I was very thirsty when I went to work at noon, so I went to the grocery store and bought a bottle of Master Kong green tea. I found it was "Kangshuibo" green tea when I drank it. I didn't say anything. When I looked at the bottle cap, I found that I had won the lottery. Here comes another bottle. I told my boss to have another bottle after winning the lottery. The boss said quietly, look carefully. Let me see the bottle cap, Kao, and buy another bottle.

After military training in senior high school, the first day of class is Chinese class.

I didn't rest at the same table, so I slept in class.

The teacher saw, "Students who are sleeping,

Please answer this question. "

My deskmate woke up with a tingle. "I won't ..."

Teacher: "concentrate on the class and stop sleeping."

Sit down! Then student 53 comes to answer this question. "

The deskmate stood up again: "Teacher, I won't ..."

The teacher fainted. "Sit down, and then the students will answer!"

The deskmate stood up and said, "Teacher, I really can't!" "

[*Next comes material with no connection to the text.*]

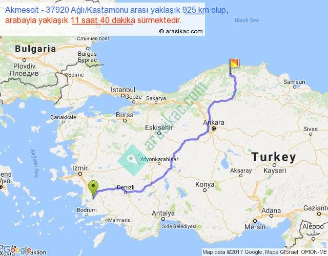 Akmescit - 37920 Ağlı Kastamonu arası yaklaşık olarak 90 km/h ile yukarıda belirtilen sürede olup, iki yerin kuş uçuşu uzaklığı (mesafesi) 676'dir. Eğer belirtilen yerler arasında uçak seferi var ise bu süre uçakla 1 saat 02 dakika'ya kadar düşebilir. Yolculuk otobüsle 15 saat 10 dakika sürmektedir.

"Sit down! The representative of the Chinese class answered me! "

The deskmate stood up again: "Teacher, I am the representative of Chinese class ..."

Last night, I stepped on a beautiful snake. It turned around and bit me. After a while, the snake trembled all over, foaming at the mouth, and hung up in the blink of an eye. I spat at him and disdainfully said to him: I have been drinking melamine milk, eating white flour, fried dough sticks with gutter oil, red-heart duck eggs marinated in Sudan, eel fed with birth control pills, hormone-treated chicken, water-injected meat and fake vaccines since childhood. How dare you bite me! It's killing me!

Watch China stock market during the day and China football at night. In less than half a year, you are not far from entering a mental hospital!

Say a game:

The first part: one card every three seconds, the chic of the card, five steps and one stop, posing. In a word: wait wholeheartedly, fail to correct, stop Kaka, the boss is really good! Cross-approval: I can't accept it.